A = {1, 2, 3, 4, 5, 6, 7, 8}
B = {2, 4, 6}
C = {5, 7, 9}

result = A.difference(B, C)

print("Result:", result)Code language: Python (python)

Explanation:

• A.difference(B, C): Returns a new set containing every element of A that does not appear in B or in C. Passing multiple arguments to difference() is equivalent to subtracting all of them at once and is more readable than chaining - operators.
• Elements in C not in A: The value 9 is in C but not in A. It has no effect on the result because the operation only removes elements that exist in A.
• Equivalent expressions: A - B - C and A - (B | C) both produce the same result. The difference() method form is preferred when subtracting more than two sets, as it reads more clearly and avoids intermediate set creation.

coords = {(1, 2), (3, 4), (5, 6)}
print("Set of tuples:", coords)

try:
    bad_set = {[1, 2], [3, 4]}
except TypeError as e:
    print("Error:", e)Code language: Python (python)

Explanation:

• Hashability requirement: Python sets use a hash table internally. Every element must have a stable hash value, computed once and used to determine its storage slot. An object is hashable if it implements __hash__() and __eq__(), and if its hash cannot change over its lifetime.
• Tuples are hashable: Because tuples are immutable, their contents can never change after creation. Python can safely compute and store a hash for them, making tuples valid set elements and valid dictionary keys.
• Lists are not hashable: Lists are mutable – you can append, remove, or change elements at any time. If a list were stored in a set and then mutated, its hash would change and the set would no longer be able to find it. Python prevents this entirely by making lists unhashable, raising a TypeError on any attempt to hash them.

original = {1, 2, 3, 4, 5}

# Assignment: both names point to the same set object
ref = original
ref.add(99)
print("--- Assignment (=) ---")
print("original:", original)
print("ref:", ref)

# Reset
original = {1, 2, 3, 4, 5}

# Shallow copy: independent object
copied = original.copy()
copied.add(42)
print("\n--- Shallow copy (.copy()) ---")
print("original:", original)
print("copied:", copied)Code language: Python (python)

Explanation:

• ref = original: This does not create a new set.

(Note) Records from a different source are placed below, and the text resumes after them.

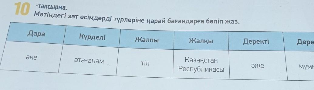 Мәтіндегі зат есімдерді түрлеріне қарай бағандарға бөліп жаз.
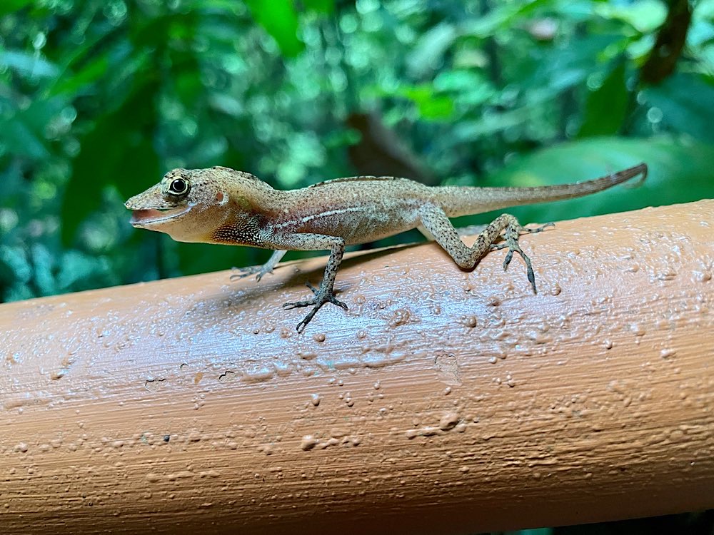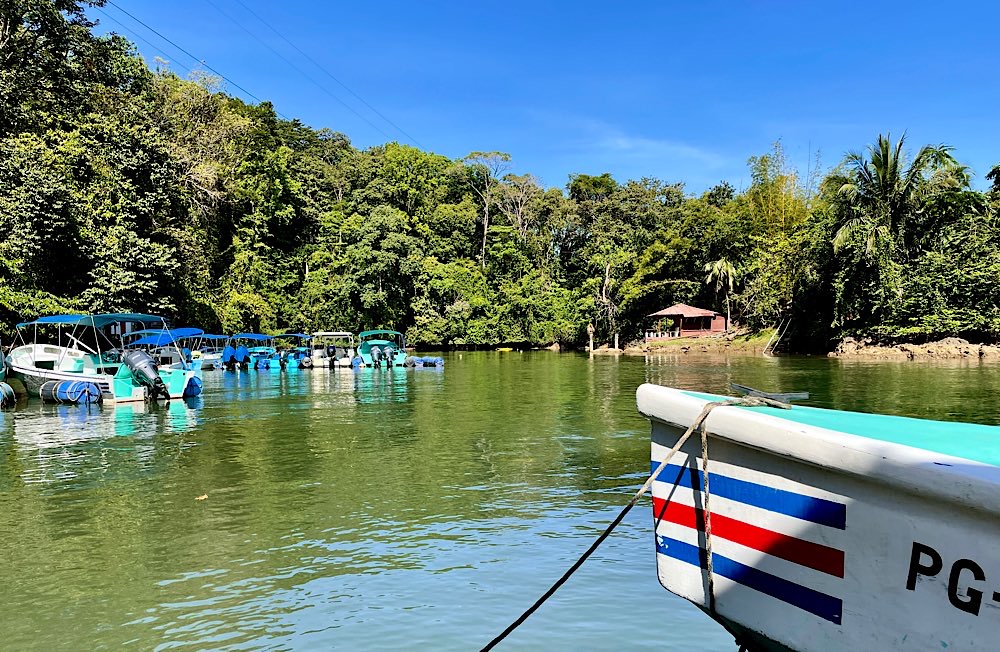 Vom Zeltcamp aus ging es dann heute Früh weiter mit dem Van und dem Boot nach Tortuguero, einem kleinen Ort an der Karibikküste, der nur mit dem Boot erreichbar ist. Die Fahrt mit dem Boot über Flussläufe war ein Genuss mit viel Naturbeobachtung: kleine Krokodile, Vögel, Iguanas 🦎 . Mit dem Wetter hatten wir auch Glück. Eigentlich regnet es ständig, wir sind schließlich im Regenwald. Heute aber mal nicht😀☀️😎
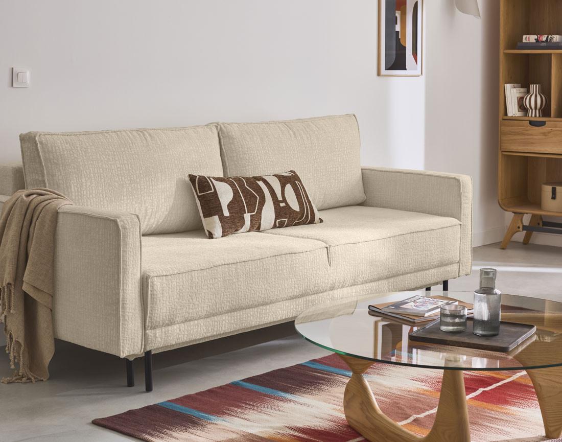Le canapé droit Charlie vous fait profiter de ses nombreux avantages pratiques et esthétiques, afin de sublimer votre intérieur tout en vous facilitant le quotidien. Grâce à son garnissage en mousse et flocons de mousse, ce joli canapé vous offre une assise 3 places des plus confortables, parfaite pour vos soirées cinéma à la maison ou pour accueillir vos invités dans les meilleures dispositions. Équipé d'un coffre de rangement astucieusement dissimulé, le canapé Charlie vous permet de bénéficier d'un agréable gain de place au quotidien : rangez-y vos livres ou jeux de société, vos plaids et coussins décoratifs, à votre guise. De plus, le canapé Charlie vous fait profiter de sa fonction convertible d'appoint très pratique : offrez à vos invités d'un soir un couchage confortable aux dimensions généreuses !

Both ref and original are names that refer to the exact same object in memory. Any mutation through one name is immediately visible through the other.
• original.copy(): Creates a new, independent set object that starts with the same elements. Mutations to copied do not affect original, and mutations to original do not affect copied.
• Why “shallow”: For a set of immutable elements (numbers, strings, tuples), shallow copy is sufficient. If the set contained mutable objects (which sets cannot, by the hashability rule), a shallow copy would still share those inner objects. For sets specifically, .copy() is always safe because all valid set elements are immutable.

import time

large_list = list(range(1_000_000))
large_set = set(range(1_000_000))
target = 999999

start = time.time()
result = target in large_list
list_time = time.time() - start

start = time.time()
result = target in large_set
set_time = time.time() - start

print(f"List lookup time:  {list_time:.6f} seconds")
print(f"Set lookup time:   {set_time:.6f} seconds")Code language: Python (python)

Explanation:

• List membership – O(n): The in operator on a list performs a linear scan from the first element to the last. In the worst case (the target is at the end or absent), Python checks every element. For a list of 1,000,000 items, this means up to 1,000,000 comparisons.
• Set membership – O(1) average: The in operator on a set computes the hash of the target and looks up the corresponding slot in the hash table directly. Regardless of how many elements the set contains, this typically completes in one or two steps.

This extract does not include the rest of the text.